**Task goal**
Excluding any images, copy all of the lines below precisely as written.

**Extracted records**
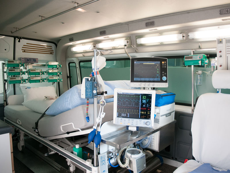 Zur Ausstattung zählen intensivmedizinisches Standardequipment sowie Backup-Systeme wie ein zweiter Intensiv-Respirator, Monitoring, Perfusoren. Sämtliche für die Pflege am Transport notwendigen Utensilien werden mitgeführt. Um eine für den Betrieb möglichst hohe Sicherheit zu erlangen, verfügen sämtliche Fahrzeuge über eine reduntante Stromversorgung auf 220 V Basis.
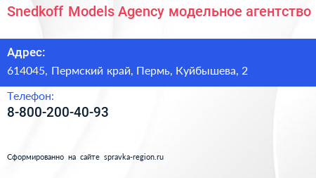 Snedkoff Models Agency, модельное агентство по адресу 614045, Пермский край, Пермь, Куйбышева, 2 в дальнейшем Организация, размещена в следующих категориях:
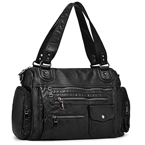 Damhandväska i mjukt syntetiskt läder, tvättat med flera fickor, elegant och rymlig axelväska, handväska, tote tote, svart-2281, M, Svart-2281, M
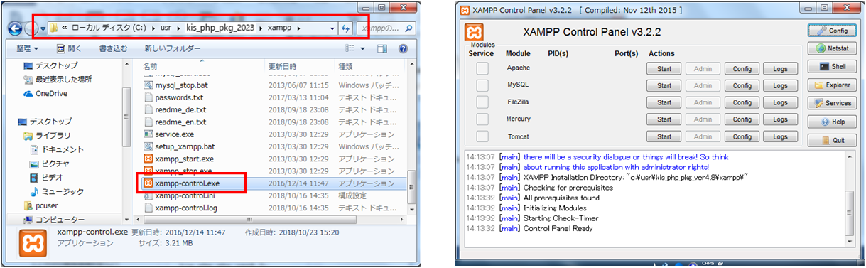 ※本テキストでのインストール先:「C:\usr\kis_php_pkg_ver2023\xampp」
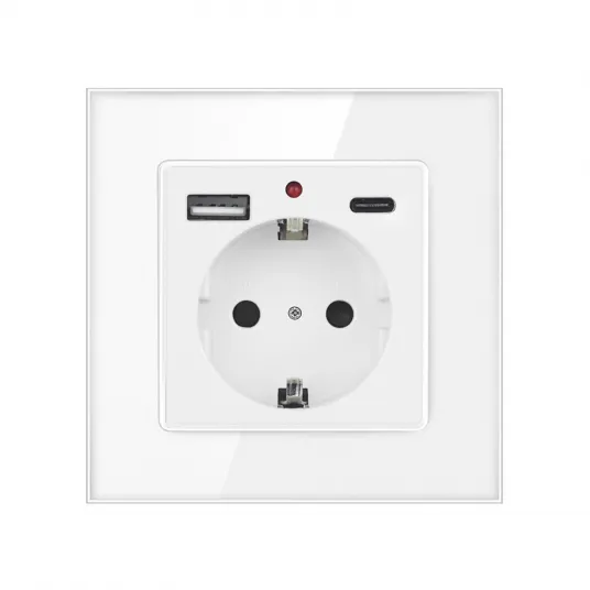 Priza simpla, SINBINTA, 5V 2.1A, 250V, 20W, Curent maxim de sarcina 16A, Cu indicator luminos, Rama din sticla, USB A+TypeC, Cel incastrat, Pentru aparatele electrocasnice conventionale, ABS, 86 x 86mm, Alb
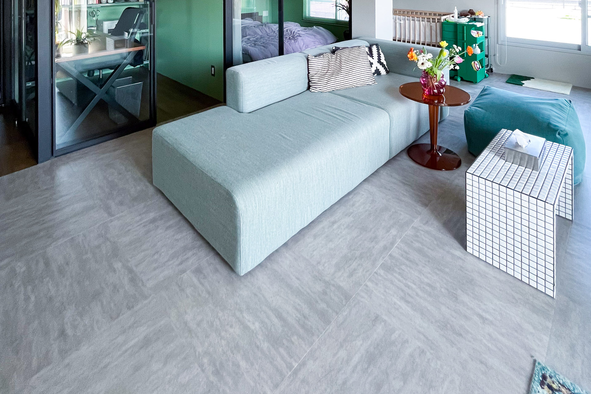 「モルタルの床がいいな、と思っていたけど、冷たさや硬さのデメリットを聞いて、モルタル調の塩ビタイルにしました」とY様。
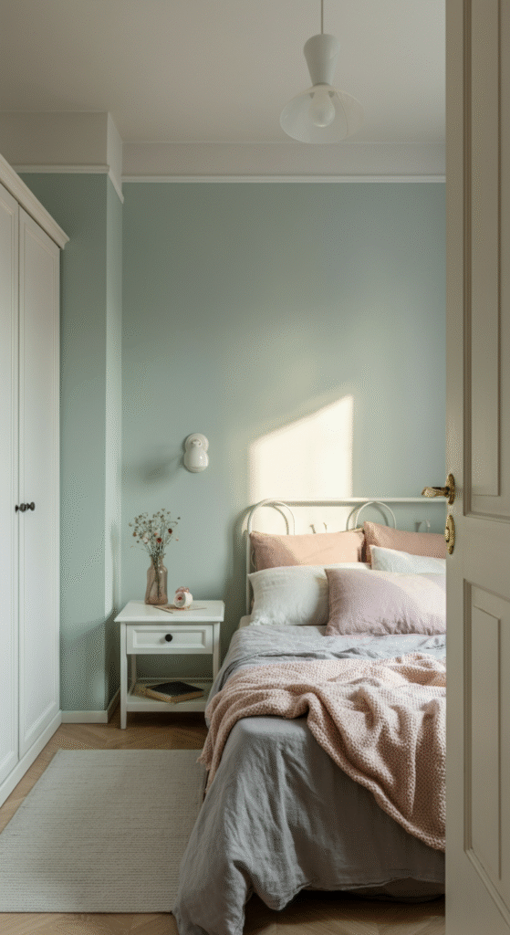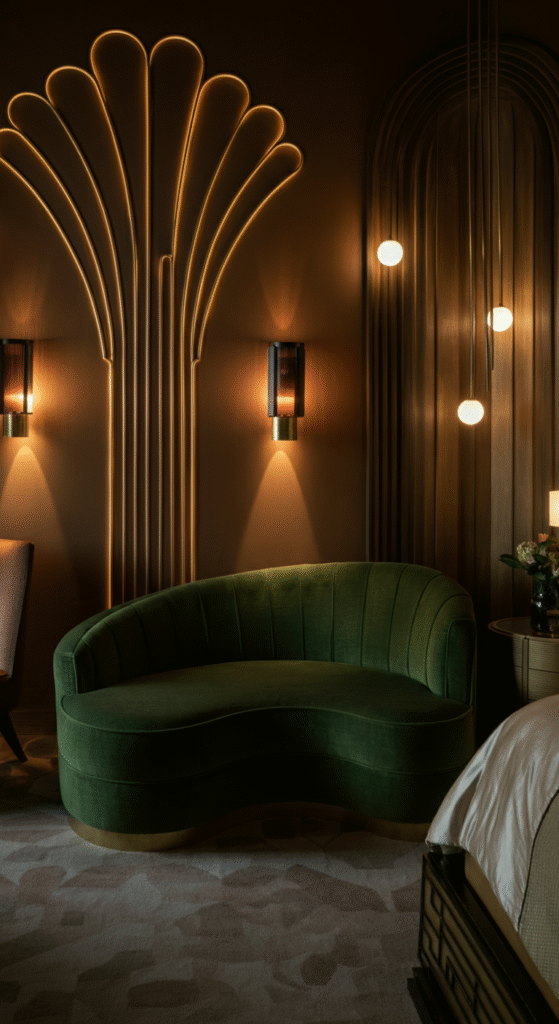 A curved velvet sofa in jewel tones like emerald, sapphire, or ruby turns a bedroom into a luxurious retreat. Or, for a softer mood, blush pink, champagne, or moss green offers a dreamy vintage feel without overpowering the space.
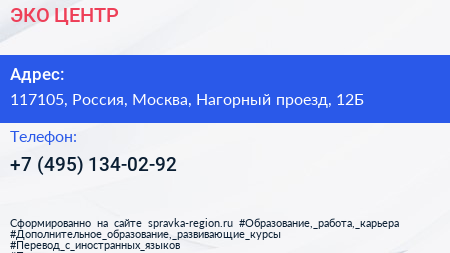 ЭКО-ЦЕНТР по адресу 117105, Россия, Москва, Нагорный проезд, 12Б в дальнейшем Организация, размещена в следующих категориях:
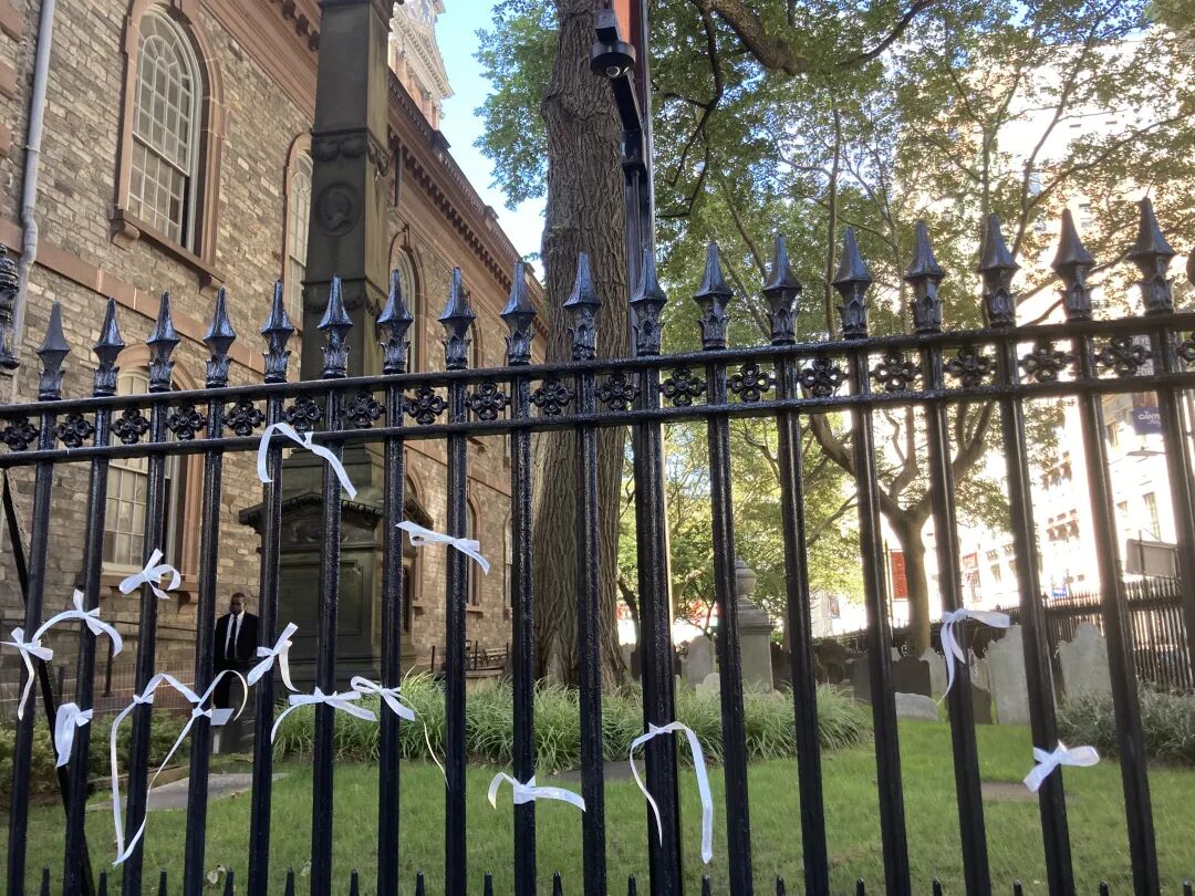2021年9月11日,世贸中心附近的栏杆上绑着白丝带,上面写着「remembrance and healing」 摄影|姚璐
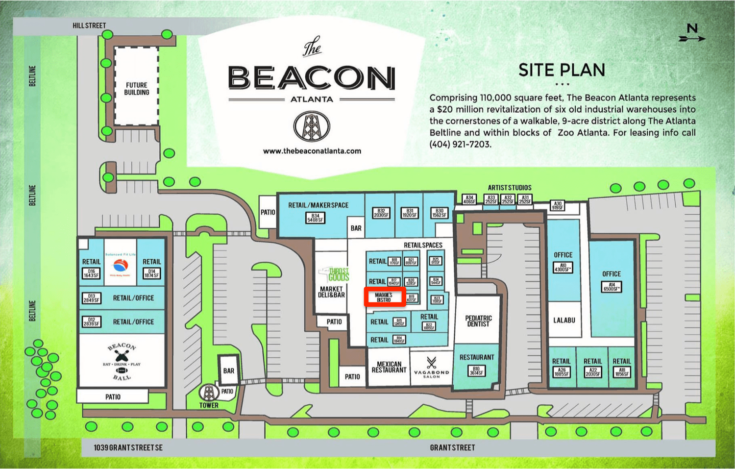 Other confirmed The Beacon Atlanta tenants include Balanced Fit Life, Vagabond Salon, Churchill Grounds, Third Street Market and Goods, and Grant Park Public House.
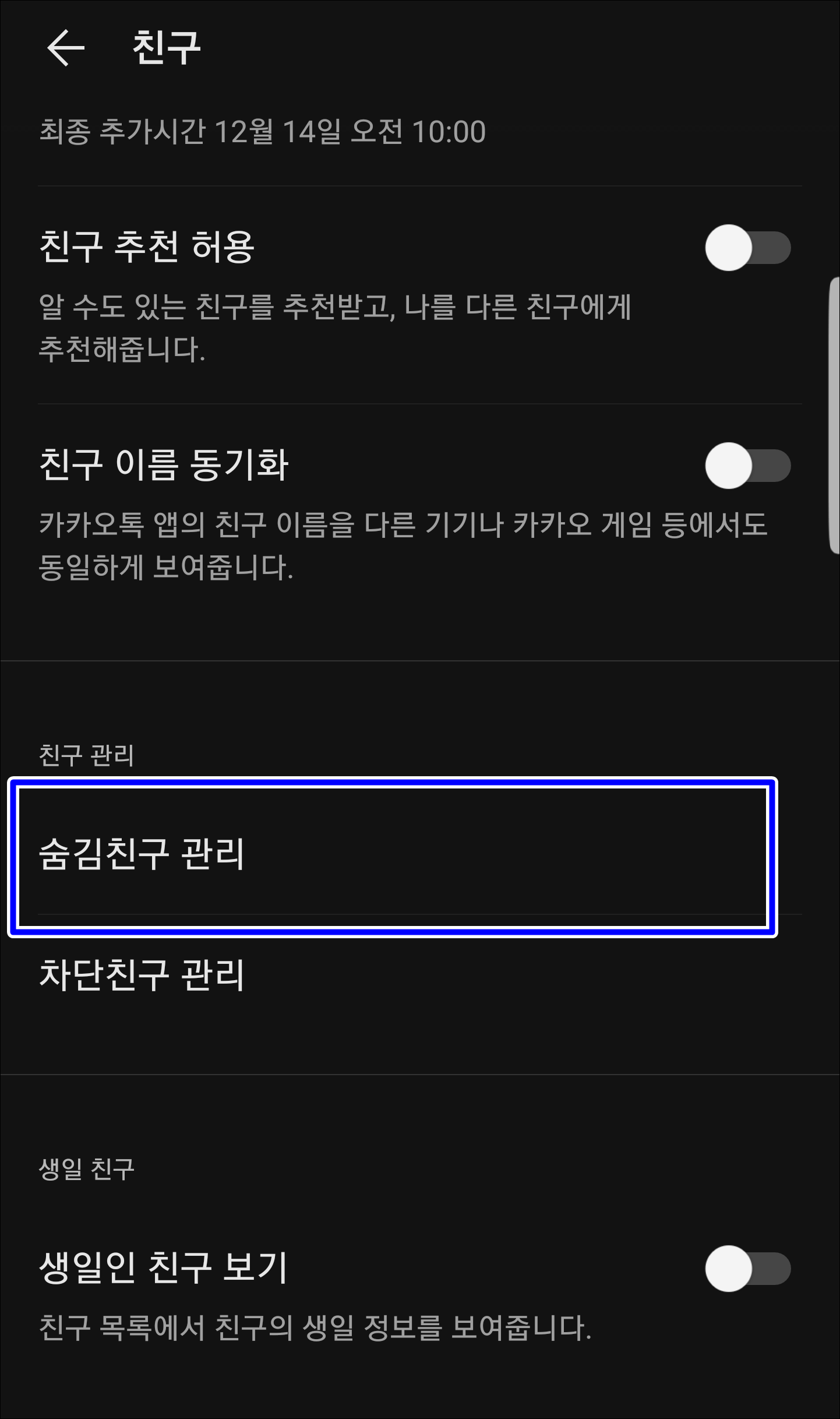 친구 관리 탭에서 숨김 친구 관리를 눌러서 들어가 보면 지금까지 제가 숨겼던 사람들의 목록을 볼 수 있습니다. 그럼 차단을 실행해 보도록 하죠.
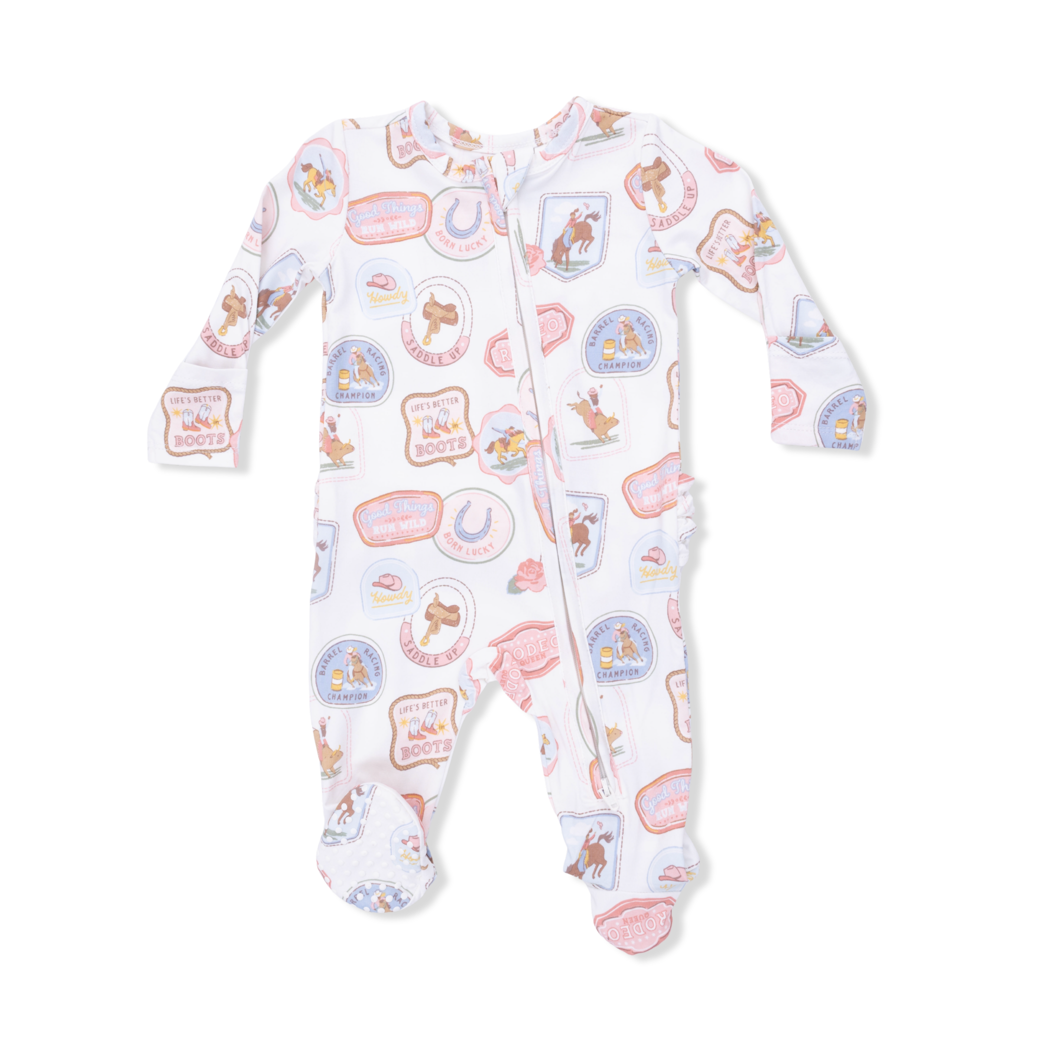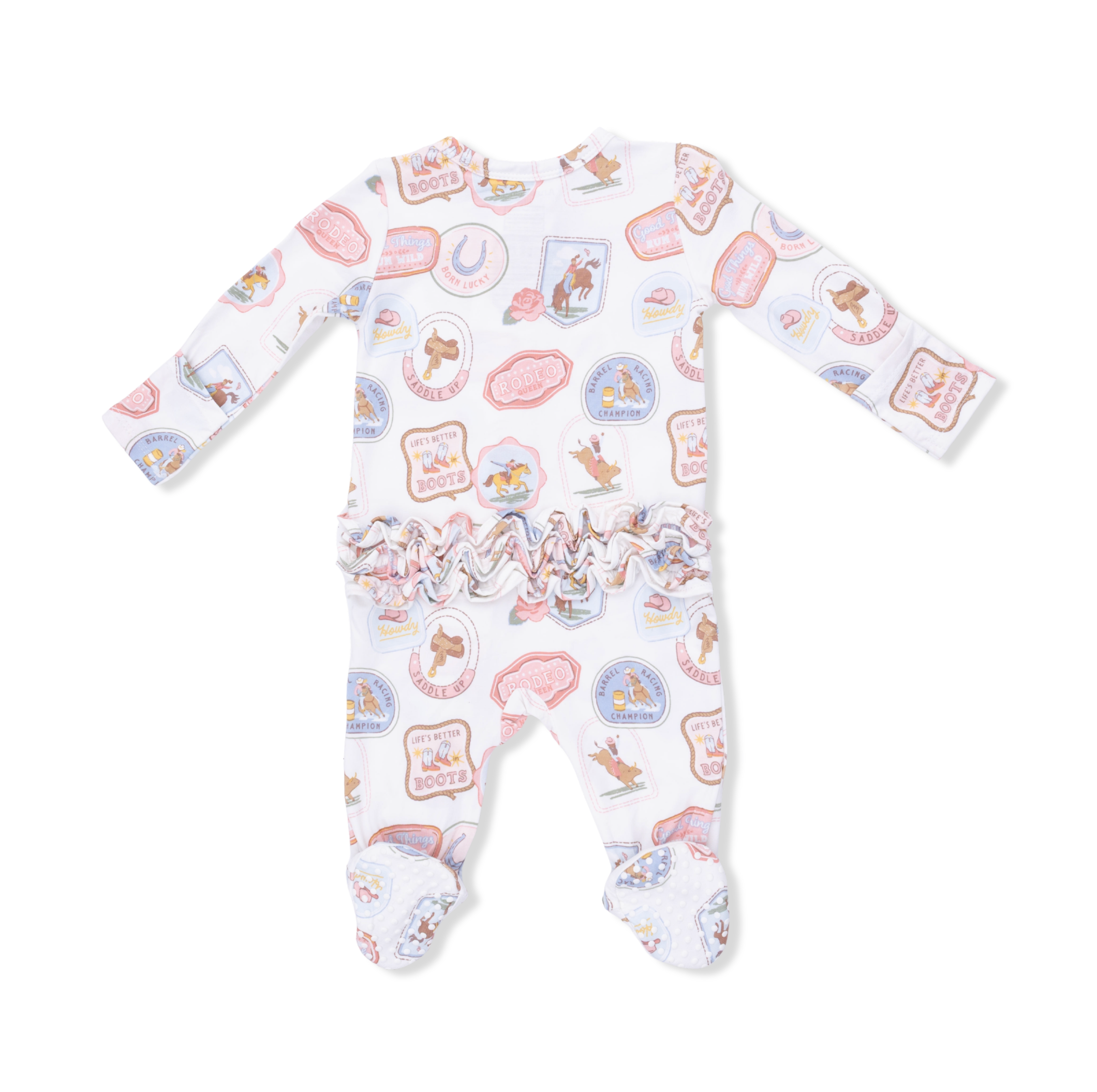 2 Way Ruffle Back Zipper Footie - Rodeo Patches Pink

**Exercise output**
 Zur Ausstattung zählen intensivmedizinisches Standardequipment sowie Backup-Systeme wie ein zweiter Intensiv-Respirator, Monitoring, Perfusoren. Sämtliche für die Pflege am Transport notwendigen Utensilien werden mitgeführt. Um eine für den Betrieb möglichst hohe Sicherheit zu erlangen, verfügen sämtliche Fahrzeuge über eine reduntante Stromversorgung auf 220 V Basis.
 Snedkoff Models Agency, модельное агентство по адресу 614045, Пермский край, Пермь, Куйбышева, 2 в дальнейшем Организация, размещена в следующих категориях:
 Damhandväska i mjukt syntetiskt läder, tvättat med flera fickor, elegant och rymlig axelväska, handväska, tote tote, svart-2281, M, Svart-2281, M
 ※本テキストでのインストール先:「C:\usr\kis_php_pkg_ver2023\xampp」
 Priza simpla, SINBINTA, 5V 2.1A, 250V, 20W, Curent maxim de sarcina 16A, Cu indicator luminos, Rama din sticla, USB A+TypeC, Cel incastrat, Pentru aparatele electrocasnice conventionale, ABS, 86 x 86mm, Alb
 「モルタルの床がいいな、と思っていたけど、冷たさや硬さのデメリットを聞いて、モルタル調の塩ビタイルにしました」とY様。
 A curved velvet sofa in jewel tones like emerald, sapphire, or ruby turns a bedroom into a luxurious retreat. Or, for a softer mood, blush pink, champagne, or moss green offers a dreamy vintage feel without overpowering the space.
 ЭКО-ЦЕНТР по адресу 117105, Россия, Москва, Нагорный проезд, 12Б в дальнейшем Организация, размещена в следующих категориях:
2021年9月11日,世贸中心附近的栏杆上绑着白丝带,上面写着「remembrance and healing」 摄影|姚璐
 Other confirmed The Beacon Atlanta tenants include Balanced Fit Life, Vagabond Salon, Churchill Grounds, Third Street Market and Goods, and Grant Park Public House.
 친구 관리 탭에서 숨김 친구 관리를 눌러서 들어가 보면 지금까지 제가 숨겼던 사람들의 목록을 볼 수 있습니다. 그럼 차단을 실행해 보도록 하죠.
 2 Way Ruffle Back Zipper Footie - Rodeo Patches Pink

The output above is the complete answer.